I returned to Agatha Christie's The Mirror Crack'd (1962; APA The Mirror Crack'd from Side to Side) after first reading it from the public library when I was in junior high. I've since seen the Joan Hickson version as well as the star-studded production with Angela Lansbury playing Miss Marple and have picked up my own edition of the book so I can revisit the original story.

This story takes Miss Jane Marple into the world of movie stars and a local modern Development when actress Marina Gregg buys Gossington Hall from the widowed Dolly Bantry and brings her director husband and American entourage to live in St. Mary Mead. Jason Rudd, the husband, hopes that living in the small English village will give Marina a bit of quiet and stability--something that has been missing in her life. Marina decides that St. Mary Mead is just perfect and that she wants to really be a part of village life--so she agrees to host the annual fete in aid of the St. John's Ambulance. The party is going well--lots of games and entertainment on the grounds and Marina invites some select guests to come inside to be greeted and to see the house.

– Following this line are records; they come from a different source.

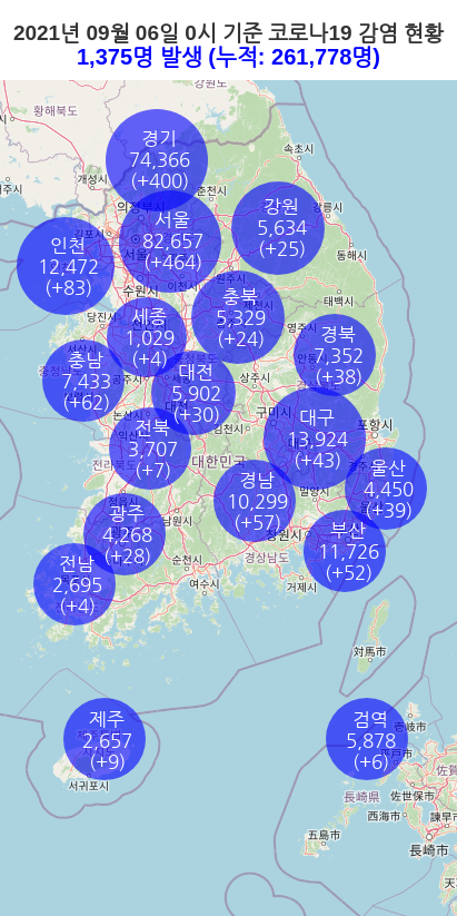 지도에 지역별 확진자수 띄우기 자동화 성공하였습니다.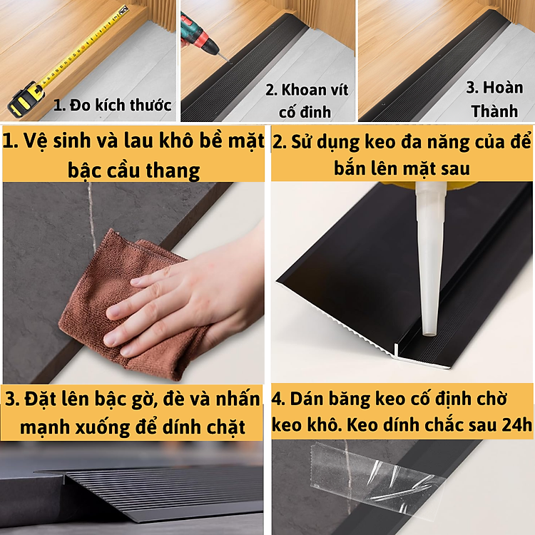 Khách hàng mua KEO ĐA NĂNG để dán nẹp nhôm chống trượt. 1 chai dán được khoảng 5-6 thanh 90cm
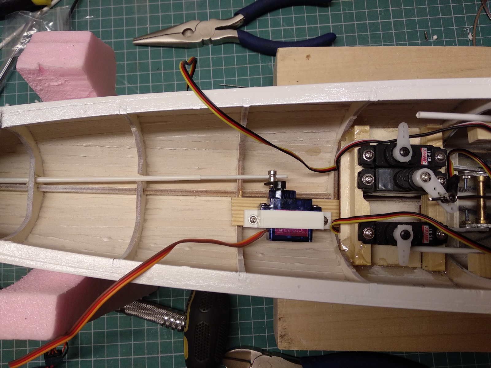 Wyczep nie dawał mi spokoju, zacząłem sprawdzać, mierzyć, jak by tu umiejscowić serwo.... i gdy wydawało się, że wszystko kicha,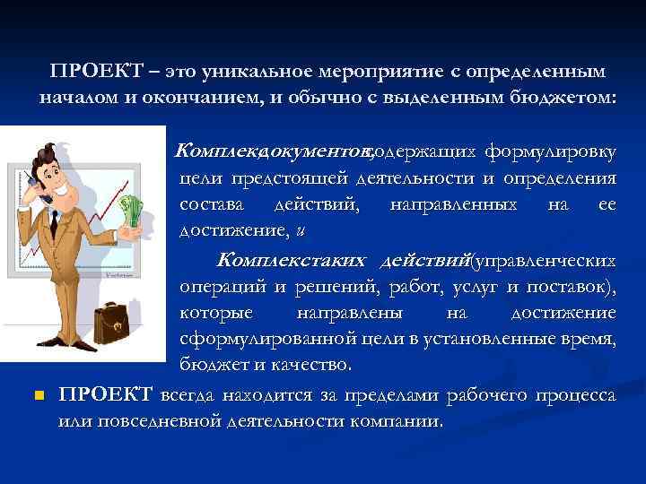 ПРОЕКТ – это уникальное мероприятие с определенным началом и окончанием, и обычно с выделенным бюджетом: Комплекс документов, содержащих формулировку n цели предстоящей деятельности и определения состава действий, направленных на ее достижение, и Комплекс таких действий (управленческих операций и решений, работ, услуг и поставок), которые направлены на достижение сформулированной цели в установленные время, бюджет и качество. ПРОЕКТ всегда находится за пределами рабочего процесса или повседневной деятельности компании.

It's all going well that is until silly Heather Babcock, connected to the St. John's Ambulance, is introduced to her idol, Marina Gregg. Heather launches into a long and enthusiastic story about how she has already met Miss Gregg before--long ago when Marina was entertaining the troops. Dolly Bantry notices that Marina is no longer really listening to the babbling woman--she's staring over her shoulder with a "frozen" look on her face. When she later describes the scene to Miss Marple, they are reminded of Tennyson's Lady of Shalott:

Out flew the web and floated wide;
     The mirror crack'd from sided to side;
"The curse has come upon me," cried
     The Lady of Shalott.

Just moments after finishing her story and being offered a drink by her idol, Heather Babcock is dead. It doesn't take long to discover that she's been poisoned. But who would poison Mrs. Babcock? She was a self-absorbed woman; nice enough and not at all mean-spirited, but not really thinking about how her actions or words might actually affect others. There doesn't seem to be a motive to kill her, however. Then it's discovered that her drink was spilled and the drink which had the poison in it was Marina's. As Miss Marple mentions when she first hears of the poisoning..."perhaps it was the wrong murder." Now the police are racing to find the killer before they can rectify their mistake and kill Marina after all. But they're going to need pointers from everyone's favorite spinster detective before they arrive at the right solution.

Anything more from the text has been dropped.